The comments to this section note that judicial recognition of the seller's duty to warn of a product-related risk after the time of sale is relatively new, but there is a growing body of decisional and statutory law imposing this duty. The comments then state, "The legal standard is whether a reasonable person would provide a post-sale warning."

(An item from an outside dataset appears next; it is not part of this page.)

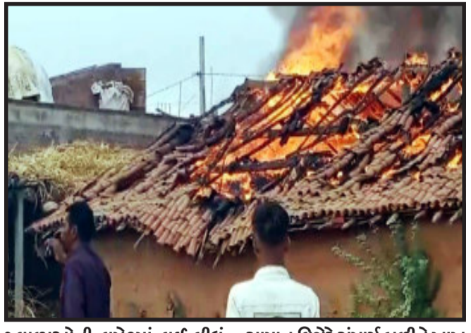
જવાળાઓની લપેટમાં લઈ લીધું હતું. મકાનમાં મુકી રાખેલ, દાગીના, અનાજ, કપડા, ઘરવખરીનો

દાહોદ, દાહોદ તાલુકાના ખરેડી ગામે એક મકાનમાં અકસ્માતે આગ લાગતાં આગની અગળ જવાળાઓમાં સંપૂર્ણ મકાન બળીને ખાખ થઈ ગયું હતું. ફાયર ફાયટરના લાશ્કરોએ ભારે જહેમત બાદ આગ ઉપર કાબુ મેળવ્યો હતો. આગમાં અંદાજે ૧૦ લાખનું નુકશાન થવા પામ્યું હતું. ગતરોજ ખરેડી ગામે એક કાચા મકાનમાં અગભ્યકારણોસર આગ લાગી હતી. આગે વિકરાળ રૂપ ધારણ કરતાં જોતજોતામાં આગે સંપૂર્ણ મકાનને પોતાની અગળ

The Reporter's Notes also cite from the Model Products Liability Act, § 104(C)(6), which provides that a claim for product liability may arise: ". . . where a reasonably prudent manufacturer should have learned about a danger connected with a product after it was manufactured. In such a case, the manufacturer is under an obligation to act with regard to the danger as a reasonably prudent manufacturer in the same or similar circumstances. This obligation is satisfied if the manufacturer makes reasonable efforts to inform product users or a person who may be reasonably expected to assure that action is taken to avoid the harm, or that the risk of harm is explained to the actual product user." (See Jones v. Minnesota Mining and Manufacturing Co., 100 N.M. 268, 669 P.2d 744 (N.M. Ct. App.1983) (no duty to warn of dangers actually known to the user of a product but that there was a substantial fact issue as to the user's knowledge of the nature and the extent of the danger of the product which precluded summary judgment); Sparacino v. Andover Controls corp., 227 Ill. Ap. 3d 980, 592 N.E.2d 431 (Ill. Ap. Ct. 1992) (defendant's computerized energy management system was not dangerous as assembled, and trial judge properly granted the manufacturer's summary judgment motion on the strict liability count. However, the manner in which the distributor installed and programmed the system may have created a duty to warn on the part of the distributor). See also Frye v. Medicare-Glaser Corp., 219 Ill. App. 3d 931, 579 N.E.2d 1255 (Ill. App. Ct. 1991), rev'd, 153 Ill. 2d 26, 605 N.E.2d 557 (Ill. 1992), in which the Illinois Supreme Court found that a pharmacy did not breach its duty to warn, when it failed to apply all the warning labels generated by its computer system in connection with a prescription drug, because providing warnings did not obligate the pharmacy to warn of all dangers associated with the use of the prescription drug.)